Cargo clogs US airports as freighters proliferate

Warehouses become black holes for medical supplies, other import shipments

Snapshot:

Cargo congestion is a big problem behind the scenes at some major U.S. airports. The coronavirus forced big industry changes that have exacerbated existing inefficiencies due to poor coordination and infrastructure.

  • Ground handlers are understaffed and big freighters are dumping cargo faster than they can process it.
  • The lack of passenger flights has changed the entire dynamic of cargo handling at airports.
  • New technologies are helping to improve communication among airliners, freight forwarders and trucking companies.

Deep Dive:

International passenger terminals may have little traffic, but at some airports there is so much cargo that frustrated businesses can wait days for medical supplies and other imports arriving on big all-cargo planes.

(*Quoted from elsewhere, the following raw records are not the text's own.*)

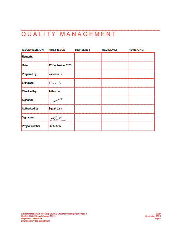 CONTRACT NO. HATS 07/2023 ENVIRONMENTAL TEAM FOR HUNG SHUI KIU EFFLUENT POLISHING PLANT PHASE 1
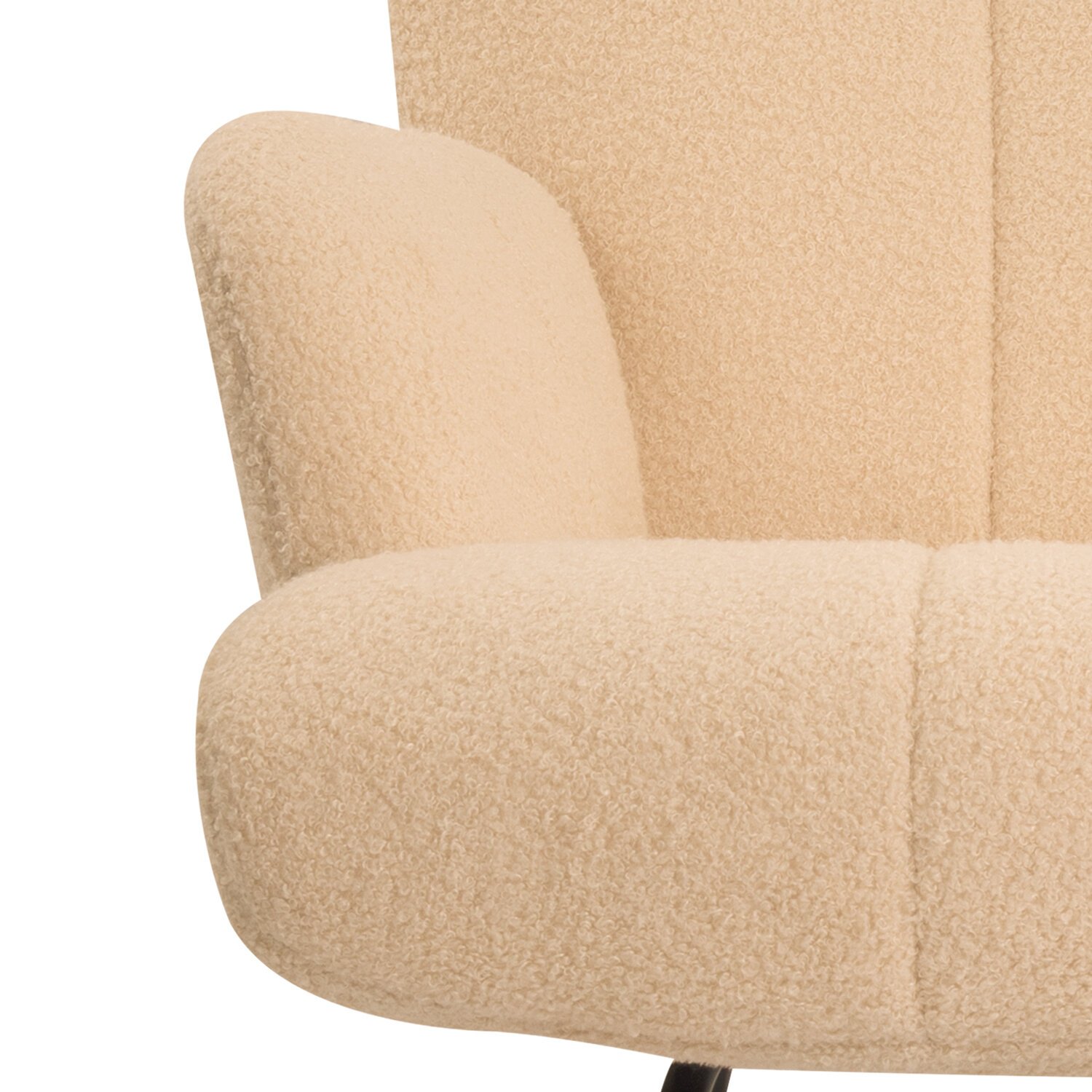 Обивка кресла выполнена из фактурной ткани букле. Она имеет приятные тактильные качества, легко чистится и хорошо пропускает воздух.
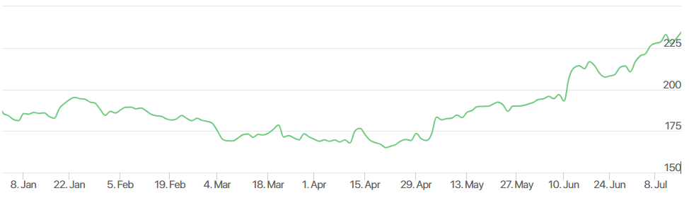 Diễn biến cổ phiếu Apple từ đầu năm. Đồ thị: Apple
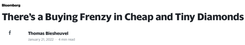 但是从最近几个月的情况来看,原本不起眼的小碎钻却出现了史无前例的大幅度涨价,上游两大巨头(戴比尔斯和埃罗莎)相当默契地先后调高了小颗粒毛坯的价格,下游的成品钻报价表也随之作出了更新。1月21号,彭博社的托马斯默默地敲出了一行字:“市场正在抢购廉价的小钻石”。
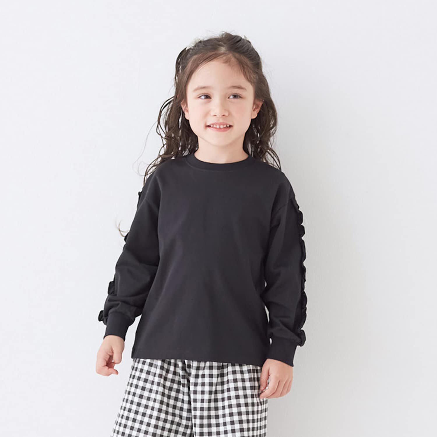 袖ギャザーフリルゆる長袖Tシャツ 【子供服】
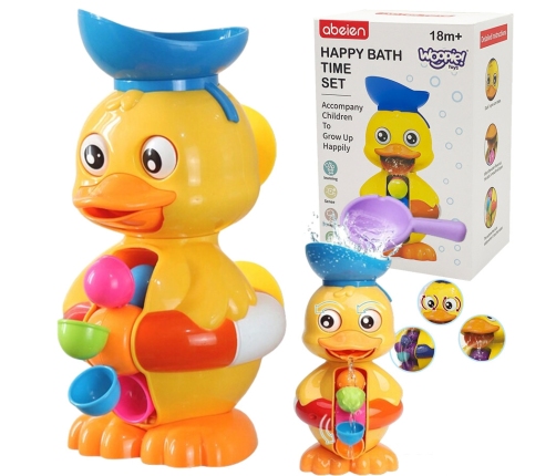 Zabawka wodna Kaczuszka od marki WOOPIE zapewni długie godziny zabawy podczas kąpieli i nie tylko. Dziecko za pomocą łopatki wlewa do czapki kaczuszki wodę. Podczas wlewania wody oczy kaczuszki będą kręcić się w kółko, buzia otworzy się i wleje wodę do kołowrotka umieszczonego na brzuchu. Dodatkowo, z tyłu zabawki są 2 przyssawki, dzięki czemu można przyczepić ją do ściany w łazience lub do wanny. Zabawka nie tylko umili czas podczas kąpieli, ale również rozwinie wyobraźnię, zdolności manualne u dziecka oraz rozwinie świadomość otaczającego go świata, a przede wszystkim pozwoli dziecku skupić się i zająć czymś podczas mycia.
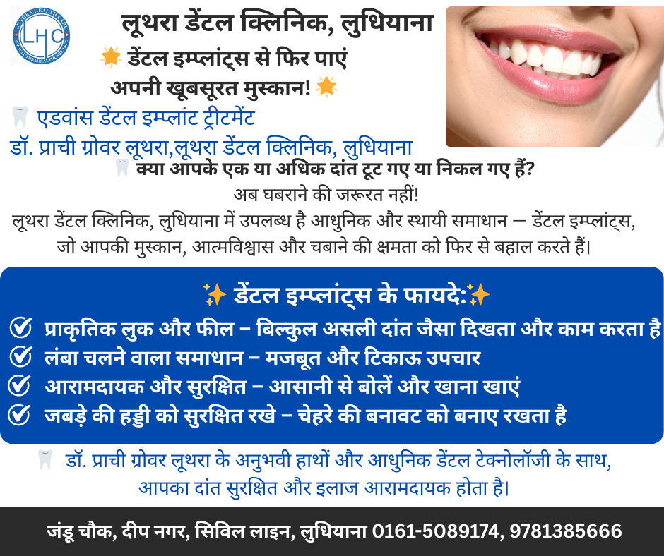 🦷✨ लूथरा डेंटल क्लिनिक, लुधियाना ✨🦷 🌟 डेंटल इम्प्लांट्स से फिर पाएं अपनी खूबसूरत मुस्कान! 🌟 क्या आपके एक या अधिक दांत टूट गए या निकल गए हैं? अब चिंता छोड़िए… समाधान है हमारे पास! 👩⚕️ डॉ. प्राची ग्रोवर लुथरा एडवांस डेंटल इम्प्लांट ट्रीटमेंट एक्सपर्ट 💎 लुथरा डेंटल क्लिनिक में उपलब्ध है आधुनिक और स्थायी […]
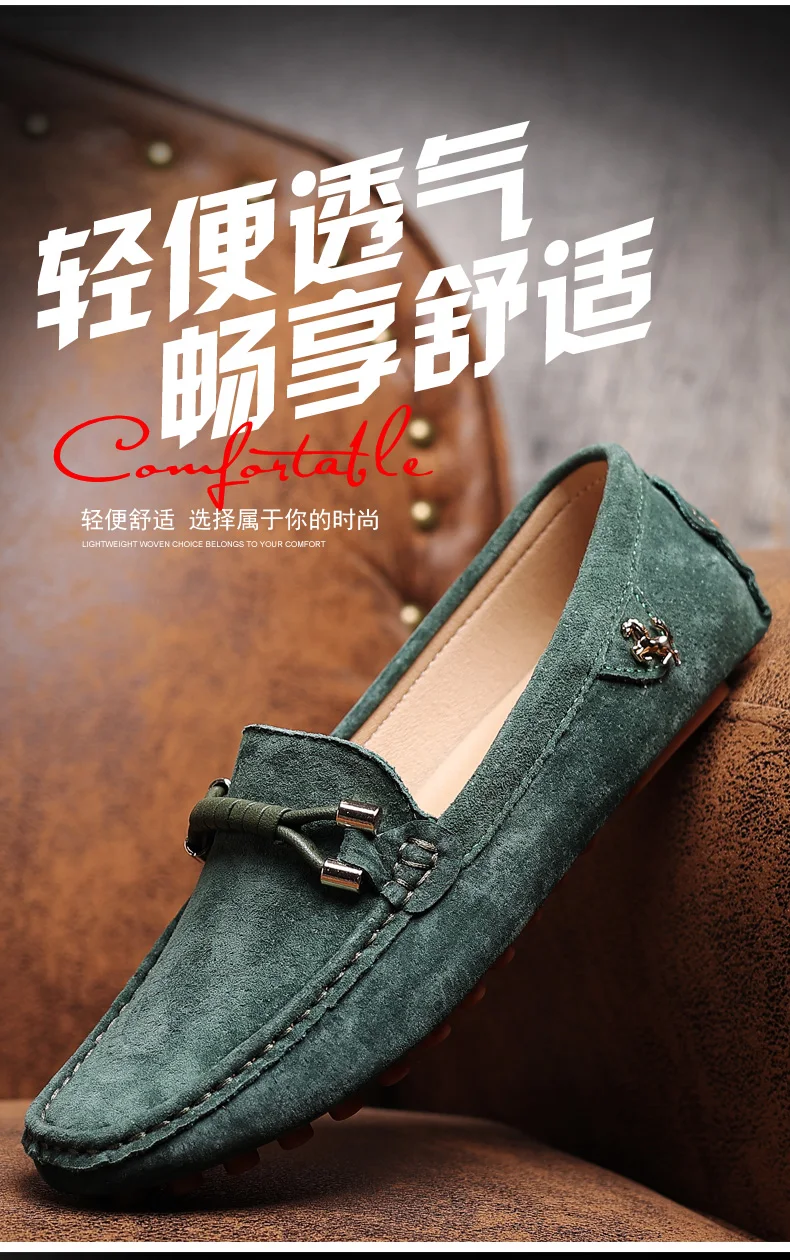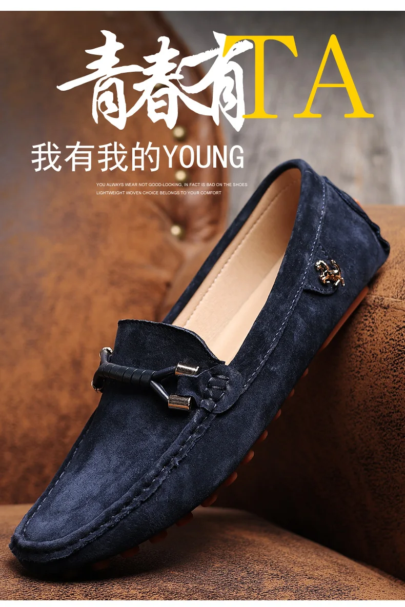 YRZL Loafers Men Casual Fashion Suede Men Shoes Lightweight Soft Genuine Leather Moccasins Slip on Driving Shoes for Men Size 48
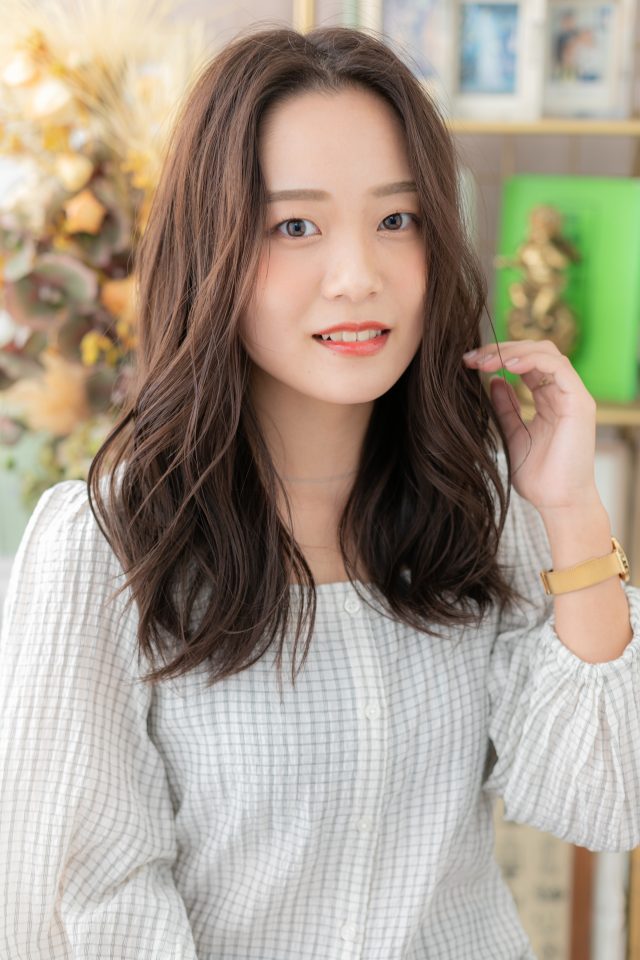 くせ毛風ゆるふわミディやエアリーミディからのイメチェンに◎耳かけアシンメトリー、前下がりや韓国風ウルフも大人かわいい。斜めバング厚めバング、シースルーバングかきあげ前髪で小顔。(メイク担当:川口店伊与田)

The unusually heavy cargo volume, driven by a surge in medical supplies to combat the coronavirus pandemic and e-commerce orders from homebound consumers, has exposed long-standing, systemic inefficiencies at major hubs in Chicago and Los Angeles, as well as John F. Kennedy International Airport in New York.

For airport handling agents, the coronavirus is a double-edged sword. More business is pouring in, but COVID health precautions, changes in normal cargo flows, staffing shortages and the added complexity of handling cargo-only passenger planes are combining to create operational havoc. Nearly all cargo terminals at these gateways are overwhelmed, although some are handling the situation better than others, airfreight professionals say. 

Freighter traffic, for example, is up as much as 50% at O’Hare International Airport, according to the Chicago Department of Aviation.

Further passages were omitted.